If we use hazardous materials in our business in a manner that causes injury or violates laws, we may be liable for substantial damages
Our research and development processes involve the use of hazardous materials, including chemicals and radioactive and biological materials. Our operations also produce hazardous waste products. The chemicals we use include, but are not limited to, flammable solvents such as methanol and ethanol, ethidium dye which is a commonly used fluorescent dye for visualizing DNA, and buffer solutions used in the purification of DNA. We also use several radioisotopes including phosphorous-32, carbon-14, sulfur-35, phosphorous-33, iodine-125 and hydrogen-3. We cannot eliminate the risk of accidental contamination or discharge and any resultant injury from these materials. Federal, state and local laws and regulations govern the use, manufacture, storage, handling and disposal of these materials. We could be subject to civil damages and criminal penalties in the event of an improper or unauthorized release of, or exposure of individuals to, hazardous materials. Further, it is possible that the materials we use could contaminate another party’s property. In addition, claimants may sue us for injury or contamination that results from our use or the use by third parties of these materials, and our liability may exceed our total assets and our ability to pay the liability. In addition, compliance with environmental laws and regulations is expensive, and current or future environmental regulations may impair our research and development and production efforts. Although we have general liability insurance, these policies do not cover claims arising from pollution from chemical or radioactive materials. Our collaborators are working with various types of hazardous materials in connection with our collaborations. In the event of a lawsuit or investigation, we could be held responsible for any injury we or our collaborators cause to persons or property by exposure to, or release of, any hazardous materials.

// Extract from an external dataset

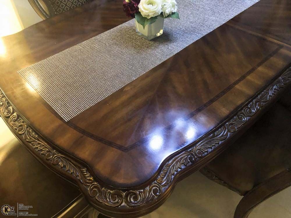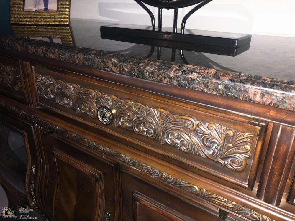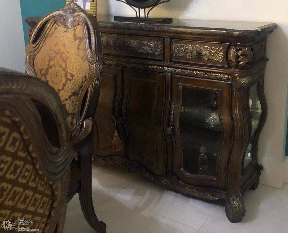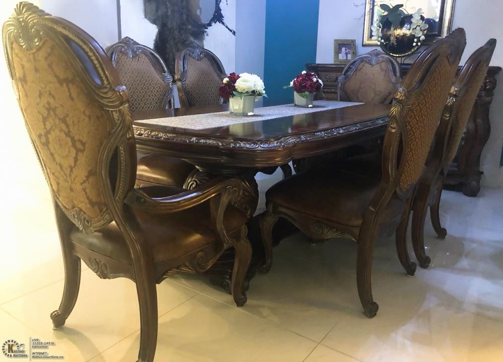 DININGWOOD SET INCL CARVED TABLE WITH 2 LEAFS 6 CHAIRS AND MARBLETOP SIDEBOARD. TABLE MEASURES:122"X44"X31"H, SIDEBOARD MEASURES 19"X67"X42"H. VERY HEAVY, BRING HELP. FURNITURE. OWNER PAID OVER $12000 FOR THE SET!

Healthcare reform and restrictions on reimbursements may limit the financial returns from our products
Our ability and that of our collaborators to commercialize therapeutics and diagnostic products may depend in part on the extent to which government health administration authorities, private health insurers and other organizations will reimburse us for the cost of these products. These third parties are increasingly challenging both the need for and the price of new medical products and services. Significant uncertainty exists as to the reimbursement status of newly approved therapeutics and diagnostics, and adequate third party reimbursement may not be available for any product to enable us to maintain price levels sufficient to realize an appropriate return on our investment in research and product development.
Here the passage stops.